PROBLEM:
The result should be the listing below, restated exactly, with its pictures left out.

DATA EXTRACTS:
- - - -

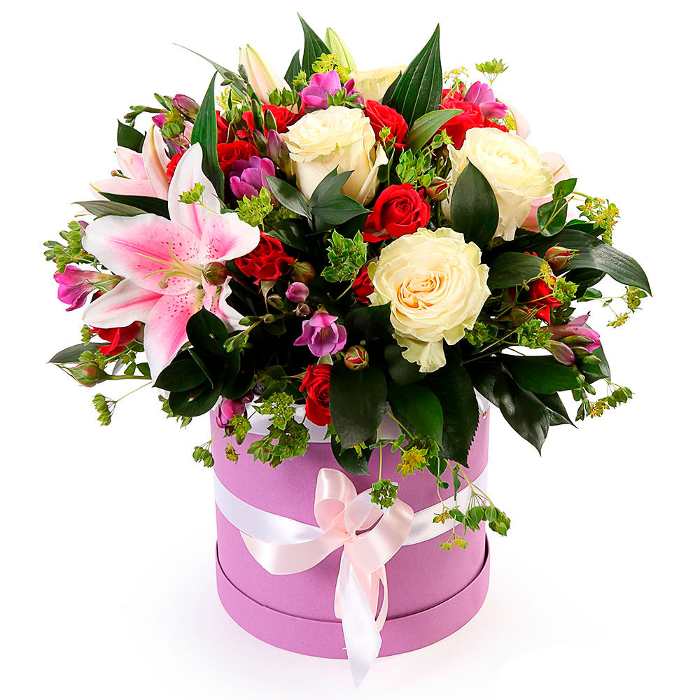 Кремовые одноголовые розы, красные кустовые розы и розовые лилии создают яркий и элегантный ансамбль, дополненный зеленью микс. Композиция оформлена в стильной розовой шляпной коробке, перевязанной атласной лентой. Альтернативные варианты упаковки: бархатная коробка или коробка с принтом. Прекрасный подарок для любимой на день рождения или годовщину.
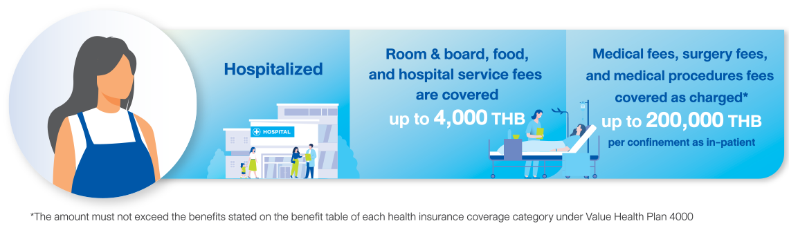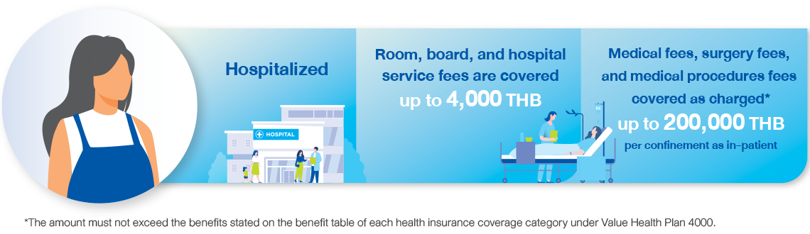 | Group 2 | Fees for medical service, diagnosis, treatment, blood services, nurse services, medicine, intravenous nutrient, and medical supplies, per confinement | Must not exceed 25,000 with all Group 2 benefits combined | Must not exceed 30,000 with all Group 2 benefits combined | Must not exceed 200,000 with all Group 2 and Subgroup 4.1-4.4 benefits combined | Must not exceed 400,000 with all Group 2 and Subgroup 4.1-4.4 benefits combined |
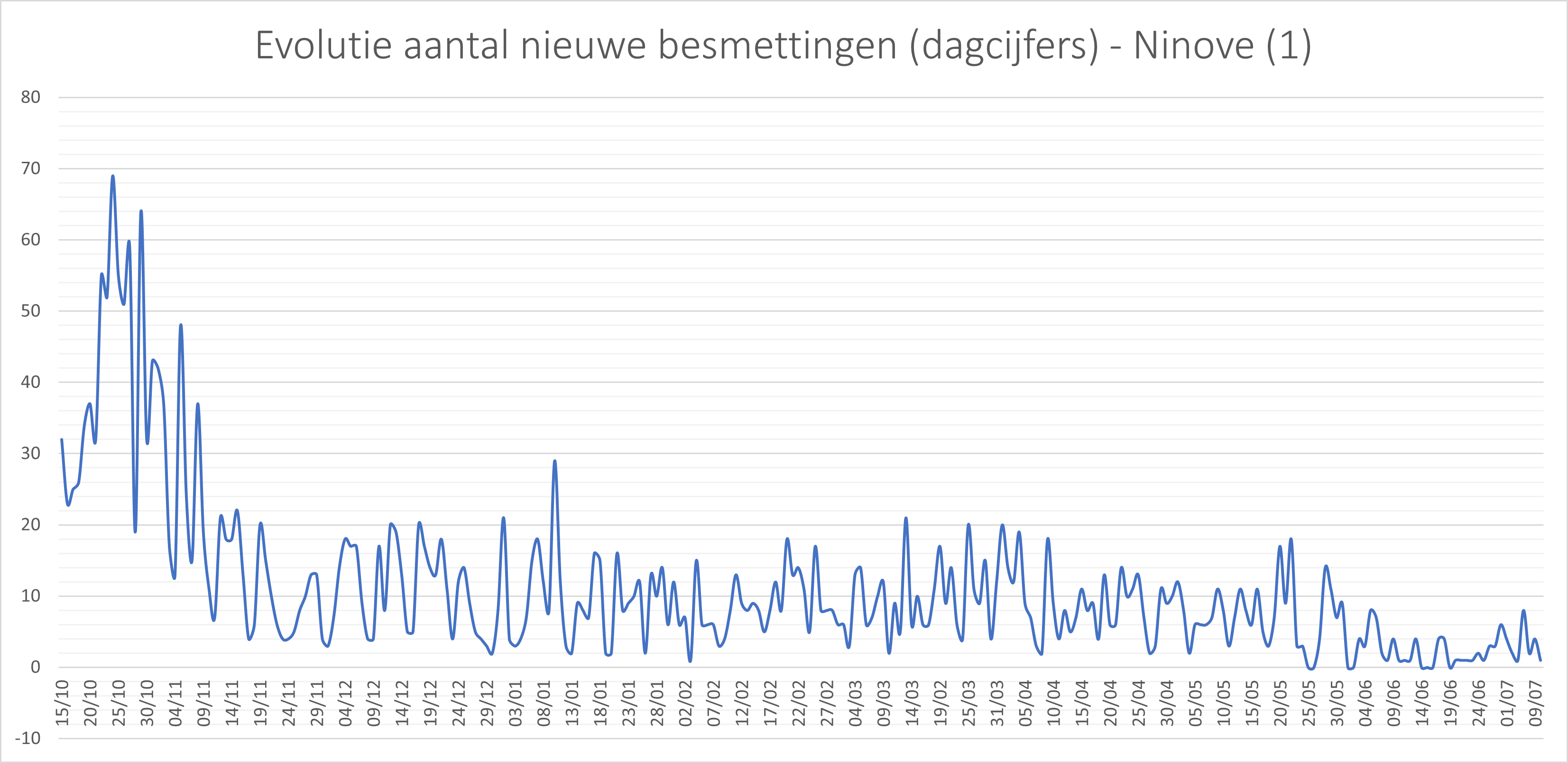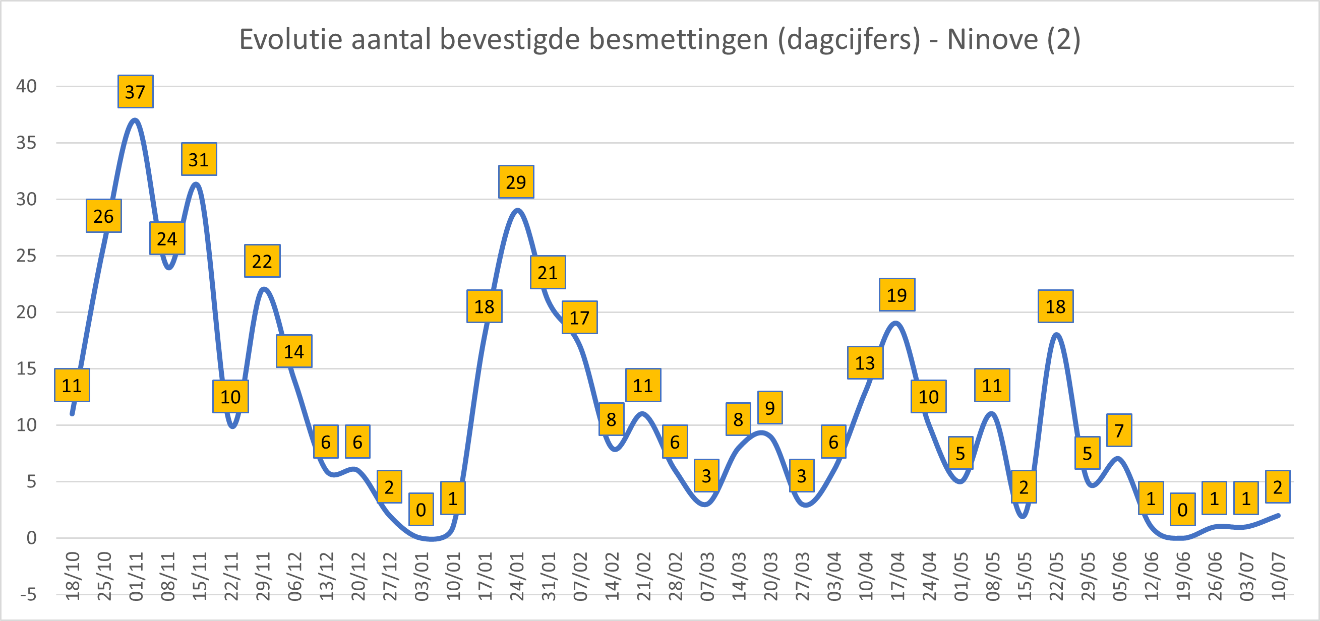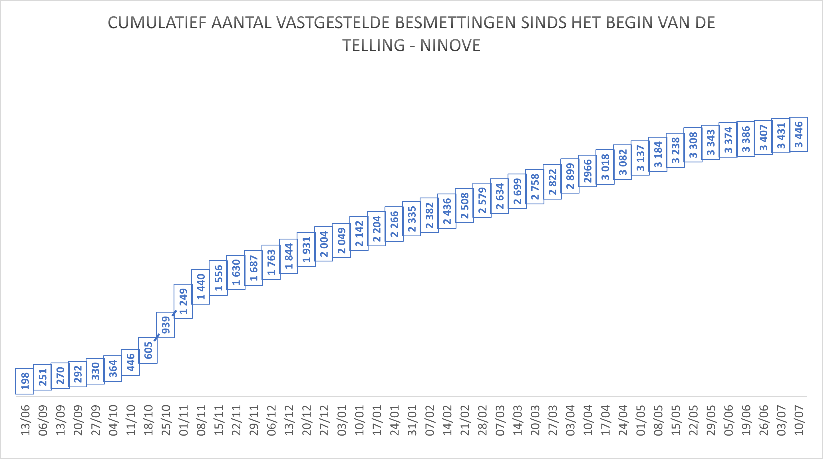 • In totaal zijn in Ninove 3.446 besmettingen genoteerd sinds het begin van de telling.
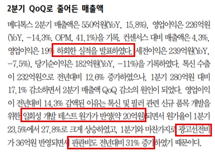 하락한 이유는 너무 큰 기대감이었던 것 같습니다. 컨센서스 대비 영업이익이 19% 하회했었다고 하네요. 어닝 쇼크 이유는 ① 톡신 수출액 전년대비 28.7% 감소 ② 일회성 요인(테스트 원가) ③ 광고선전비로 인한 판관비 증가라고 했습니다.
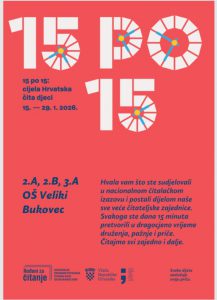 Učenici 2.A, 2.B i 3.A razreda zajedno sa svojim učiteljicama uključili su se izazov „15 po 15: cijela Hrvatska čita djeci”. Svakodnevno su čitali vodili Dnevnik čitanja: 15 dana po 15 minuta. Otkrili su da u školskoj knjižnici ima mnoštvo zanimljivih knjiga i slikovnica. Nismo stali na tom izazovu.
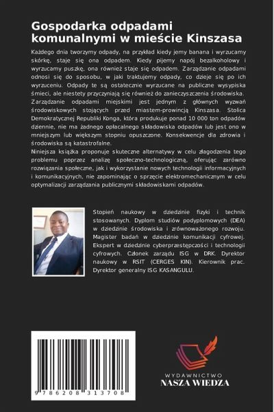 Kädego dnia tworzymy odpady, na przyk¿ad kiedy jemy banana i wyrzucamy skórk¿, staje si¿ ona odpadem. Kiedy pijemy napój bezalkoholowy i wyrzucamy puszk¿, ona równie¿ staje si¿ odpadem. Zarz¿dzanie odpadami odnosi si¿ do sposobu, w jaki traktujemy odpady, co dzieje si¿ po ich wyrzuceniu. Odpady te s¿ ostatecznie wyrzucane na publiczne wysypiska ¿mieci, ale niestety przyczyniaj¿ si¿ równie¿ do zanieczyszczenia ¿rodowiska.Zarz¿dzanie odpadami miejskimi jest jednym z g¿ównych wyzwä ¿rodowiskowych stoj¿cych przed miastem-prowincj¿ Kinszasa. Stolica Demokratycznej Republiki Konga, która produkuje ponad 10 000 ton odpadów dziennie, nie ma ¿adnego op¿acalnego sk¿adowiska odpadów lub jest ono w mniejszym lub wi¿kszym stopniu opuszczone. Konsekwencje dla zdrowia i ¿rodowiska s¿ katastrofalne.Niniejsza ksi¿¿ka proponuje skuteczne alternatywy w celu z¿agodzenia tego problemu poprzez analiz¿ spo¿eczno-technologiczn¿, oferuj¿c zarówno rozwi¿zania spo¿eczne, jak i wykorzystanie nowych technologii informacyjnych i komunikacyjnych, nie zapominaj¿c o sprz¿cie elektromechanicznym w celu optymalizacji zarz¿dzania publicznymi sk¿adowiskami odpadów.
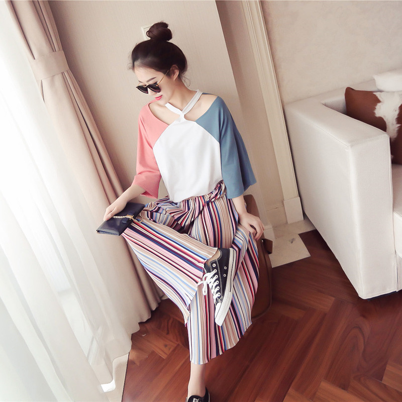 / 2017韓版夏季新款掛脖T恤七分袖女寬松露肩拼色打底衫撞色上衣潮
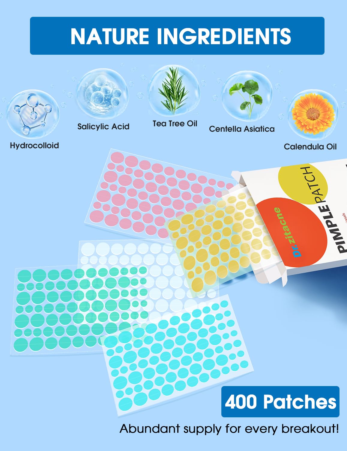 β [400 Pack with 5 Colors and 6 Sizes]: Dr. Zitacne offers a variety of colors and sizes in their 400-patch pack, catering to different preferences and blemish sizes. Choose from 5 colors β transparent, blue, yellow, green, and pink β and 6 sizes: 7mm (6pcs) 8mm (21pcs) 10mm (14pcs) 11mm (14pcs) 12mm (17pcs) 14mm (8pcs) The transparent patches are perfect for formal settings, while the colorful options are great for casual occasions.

- - - -

RESULT OF THE EXERCISE:
 Кремовые одноголовые розы, красные кустовые розы и розовые лилии создают яркий и элегантный ансамбль, дополненный зеленью микс. Композиция оформлена в стильной розовой шляпной коробке, перевязанной атласной лентой. Альтернативные варианты упаковки: бархатная коробка или коробка с принтом. Прекрасный подарок для любимой на день рождения или годовщину.
 | Group 2 | Fees for medical service, diagnosis, treatment, blood services, nurse services, medicine, intravenous nutrient, and medical supplies, per confinement | Must not exceed 25,000 with all Group 2 benefits combined | Must not exceed 30,000 with all Group 2 benefits combined | Must not exceed 200,000 with all Group 2 and Subgroup 4.1-4.4 benefits combined | Must not exceed 400,000 with all Group 2 and Subgroup 4.1-4.4 benefits combined |
 • In totaal zijn in Ninove 3.446 besmettingen genoteerd sinds het begin van de telling.
 하락한 이유는 너무 큰 기대감이었던 것 같습니다. 컨센서스 대비 영업이익이 19% 하회했었다고 하네요. 어닝 쇼크 이유는 ① 톡신 수출액 전년대비 28.7% 감소 ② 일회성 요인(테스트 원가) ③ 광고선전비로 인한 판관비 증가라고 했습니다.
 Učenici 2.A, 2.B i 3.A razreda zajedno sa svojim učiteljicama uključili su se izazov „15 po 15: cijela Hrvatska čita djeci”. Svakodnevno su čitali vodili Dnevnik čitanja: 15 dana po 15 minuta. Otkrili su da u školskoj knjižnici ima mnoštvo zanimljivih knjiga i slikovnica. Nismo stali na tom izazovu.
 Kädego dnia tworzymy odpady, na przyk¿ad kiedy jemy banana i wyrzucamy skórk¿, staje si¿ ona odpadem. Kiedy pijemy napój bezalkoholowy i wyrzucamy puszk¿, ona równie¿ staje si¿ odpadem. Zarz¿dzanie odpadami odnosi si¿ do sposobu, w jaki traktujemy odpady, co dzieje si¿ po ich wyrzuceniu. Odpady te s¿ ostatecznie wyrzucane na publiczne wysypiska ¿mieci, ale niestety przyczyniaj¿ si¿ równie¿ do zanieczyszczenia ¿rodowiska.Zarz¿dzanie odpadami miejskimi jest jednym z g¿ównych wyzwä ¿rodowiskowych stoj¿cych przed miastem-prowincj¿ Kinszasa. Stolica Demokratycznej Republiki Konga, która produkuje ponad 10 000 ton odpadów dziennie, nie ma ¿adnego op¿acalnego sk¿adowiska odpadów lub jest ono w mniejszym lub wi¿kszym stopniu opuszczone. Konsekwencje dla zdrowia i ¿rodowiska s¿ katastrofalne.Niniejsza ksi¿¿ka proponuje skuteczne alternatywy w celu z¿agodzenia tego problemu poprzez analiz¿ spo¿eczno-technologiczn¿, oferuj¿c zarówno rozwi¿zania spo¿eczne, jak i wykorzystanie nowych technologii informacyjnych i komunikacyjnych, nie zapominaj¿c o sprz¿cie elektromechanicznym w celu optymalizacji zarz¿dzania publicznymi sk¿adowiskami odpadów.
 / 2017韓版夏季新款掛脖T恤七分袖女寬松露肩拼色打底衫撞色上衣潮
 β [400 Pack with 5 Colors and 6 Sizes]: Dr. Zitacne offers a variety of colors and sizes in their 400-patch pack, catering to different preferences and blemish sizes. Choose from 5 colors β transparent, blue, yellow, green, and pink β and 6 sizes: 7mm (6pcs) 8mm (21pcs) 10mm (14pcs) 11mm (14pcs) 12mm (17pcs) 14mm (8pcs) The transparent patches are perfect for formal settings, while the colorful options are great for casual occasions.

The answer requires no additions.